Abstract:Steadily growing amounts of information, such as annually published scientific papers, have become so large that they elude an extensive manual analysis. Hence, to maintain an overview, automated methods for the mapping and visualization of knowledge domains are necessary and important, e.g., for scientific decision makers. Of particular interest in this field is the development of research topics of different entities (e.g., scientific authors and venues) over time. However, existing approaches for their analysis are only suitable for single entity types, such as venues, and they often do not capture the research topics or the time dimension in an easily interpretable manner. Hence, we propose a principled approach for \emph{mapping research trajectories}, which is applicable to all kinds of scientific entities that can be represented by sets of published papers. For this, we transfer ideas and principles from the geographic visualization domain, specifically trajectory maps and interactive geographic maps. Our visualizations depict the research topics of entities over time in a straightforward interpr. manner. They can be navigated by the user intuitively and restricted to specific elements of interest.

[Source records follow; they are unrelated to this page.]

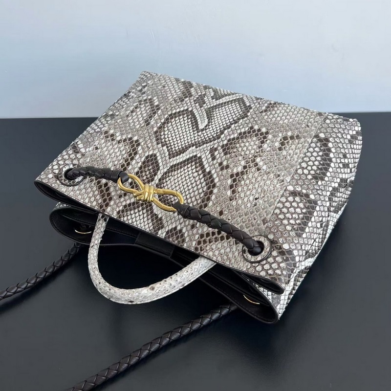 #Bv new Andiamo snakeskin 743572 Andiamo snakeskin is a fashionable item with great luxury and unique charm. It uses top-grade snakeskin as the bag body material, which is famous for its toughness and durability, bringing unparalleled texture and feel to the bag. The bag body is matched with a metal knot buckle, which not only enhances the overall luxury, but also makes the bag very collectible. The sliding shoulder strap can be carried in a variety of ways to meet the needs of different occasions. It is a beautiful and exquisite bag.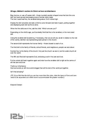 Using the smallest doll (explaining, if necessary, that we are all very small in relation to the rest of the world), identify it as representing each person in the church.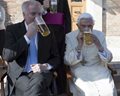 Photos by the Vatican newspaper L'Osservatore Romano of the celebration showed Benedict sipping a beer, reported The Associated Press. His brother, Monsignor Georg Ratzinger, also joined the party and enjoyed a beer.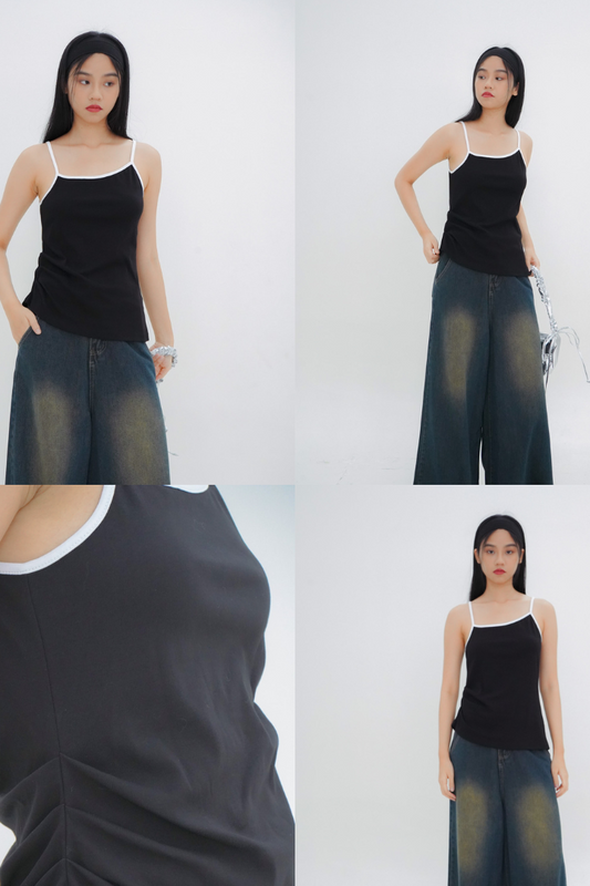 Skylar Contrast Trim Top (Black)
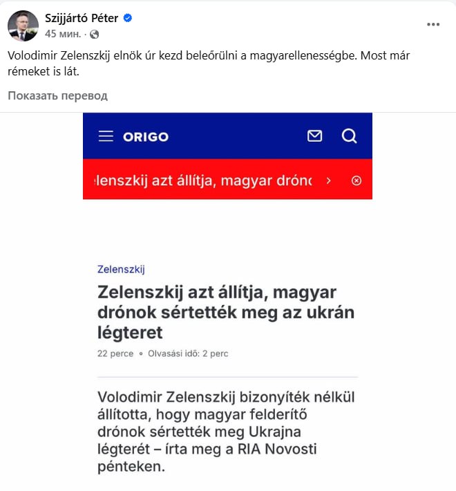 К посту он приложил скриншот венгерского сайта Origo с новостью о том, что Зеленский рассказал об обнаружении дронов-разведчиков на украинско-венгерской границе.
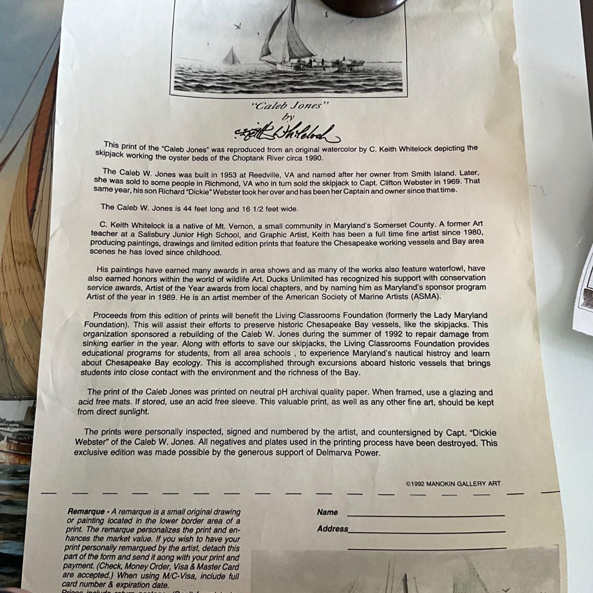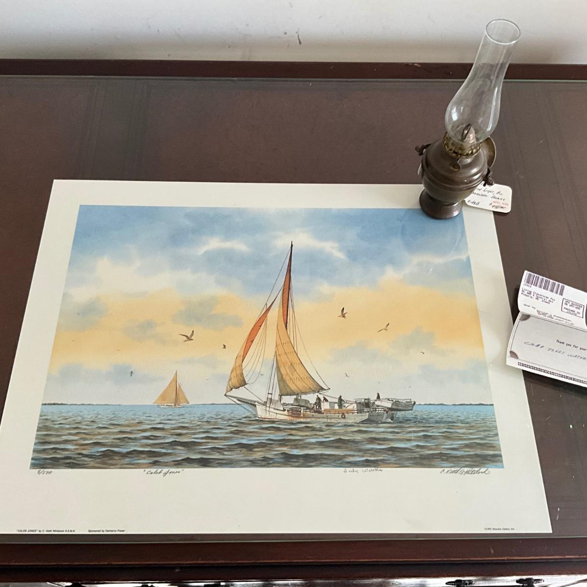 O1363 Signed and Numbered Watercolor Print by Keith Whitclock & Boat Captain "Caleb Jones"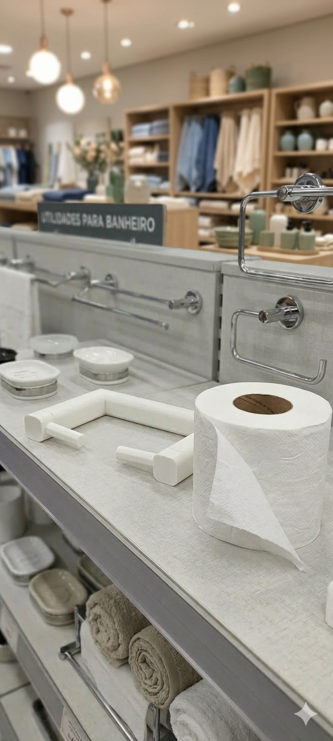 Diga adeus aos suportes convencionais com molas complicadas. O Suporte Easy-Change une a estética contemporânea com um sistema de troca rápida, ideal para quem busca praticidade sem abrir mão do estilo. Com seu formato geométrico e acabamento premium, ele se adapta perfeitamente a banheiros modernos, lavabos e suítes.

The maps are derived from a corpus of research publications (i.e., titles and abstracts) through a combination of unsupervised machine learning methods. In a practical demonstrator application, we exemplify the proposed approach on a publication corpus from machine learning. We observe that our trajectory visualizations of 30 top machine learning venues and 1000 major authors in this field are well interpretable and are consistent with background knowledge drawn from the entities' publications. Next to producing interactive, interpr. visualizations supporting different kinds of analyses, our computed trajectories are suitable for trajectory mining applications in the future.